At the last minute the water commissioner raised the price we were to pay for water rights, and we were unable to purchase them. But we did manage to use a few of the ditches, pumping rain water we collected and what we could carry. There was more rain than usual in July, and so we have a harvest of sorts.

Each evening I put the children to bed just before sunset and join Clayton in the field. We pull corn cobs from their stalks or yank bean plants from the ground until dark. The sun sets in the mountains to the west of us, streaking the sky with every shade of red and pink, turning the mountains a deep purple. The only sounds are the rustling of the corn or beans and the low hum of insects. Sometimes it seems the world has stopped. Then Clayton calls to me and says we should go to bed so that we can start again at sunrise.

The beans and corn and potatoes will last us much of the winter. There are also tomatoes, grapes, cucumbers, and squash. Amy goes out to the garden near the house just after she wakes, sits on the dirt, and eats whatever she can reach.

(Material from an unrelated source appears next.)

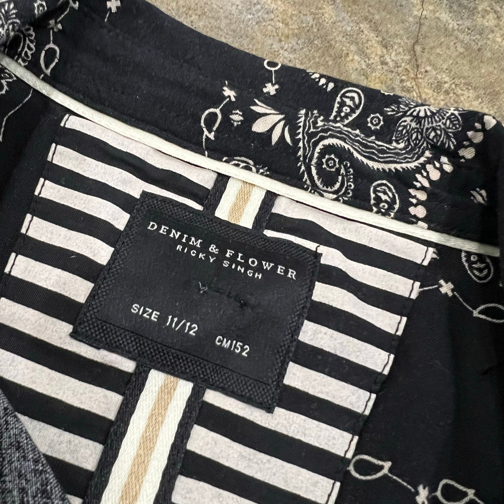 Denim & Flower by Ricky Singh Black Paisley Casual Button Down Top Boys 11/12

Dr. Mayfield returned recently from a town in northern New Mexico, where he is thinking about setting up his practice. He said it is a growing town with plenty of people, but he is in love with this valley, the river and the mountains. Yesterday evening he came by with a string of fish he had caught, which were most delicious. Clayton says this is the place for him even if the mines did fail. He and Dr. Mayfield have planned a hunting trip next weekend if the rest of our crops are in. There are all kinds of antelopes, fox, deer, wild sheep, and rabbits in the mountains. You must come for a long visit, and soon, now that our ranch is beginning to prosper!

Your Sister,

Abigail

September 19, 1872

Dearest Maggie,

Last week Clayton left with a wagon load of goods for the mines some miles north of here. He has been offered employment there and will most likely stay on an additional month to earn the wage they are paying out, which is good. Mr. John Deering, who has taken a piece of land about ten miles from here, rode out with Clayton to get work. Clayton has assured me he will send word once he arrives. If the work is good and he intends to stay the winter, I will join him with the children next month.

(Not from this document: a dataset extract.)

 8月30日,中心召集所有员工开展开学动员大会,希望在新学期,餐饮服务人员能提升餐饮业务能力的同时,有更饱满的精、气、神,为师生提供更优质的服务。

Mr. Deering's wife is anxious to go and see the camps, for she imagines they will be more exciting than living on a farm in the desert. I have tried to describe the type of excitement that fills the camps, but she persists in her curiosity about them. If her husband would let her, I believe she would leave their house and move into a tent tomorrow. She is friendly, if a little naive. She does not believe a lady should learn to use a gun and counts on her eleven-year-old son to protect her. Ten miles is a long way to go with two small children. Still, I enjoy our talk of dress patterns and chicken raising and schooling. I have already made the journey several times.

Days pass when I see no one but the Mexican women who live near by. They are heavy-set, all of them that I have met, and dark-skinned, with black hair and eyes. They speak very little English. Mrs. Deering complains she hired a Mexican woman as a housekeeper and found her unreliable. She says she has heard they are worse than the Negroes. When the Mexican field workers get tired of their work, they just get on their horses and ride off, even if it is early in the afternoon. At the end of the week, they still expect a full week's pay, and it is hard arguing with them when they spit out streams of Spanish.

Our only other visitor is Dr. Mayfield, who has been kind enough to ride over every few days to check on us. Yesterday he helped Amy catch a horned toad to keep as a pet. She has become fond of goat's milk mixed with her porridge in the mornings and recently took over the milking of Sybil, the goat, a gentle animal who would never bite but sometimes attempts to wander away before Amy has finished. Last night I made a sweet potato pie, and we ate it with a cup of the milk.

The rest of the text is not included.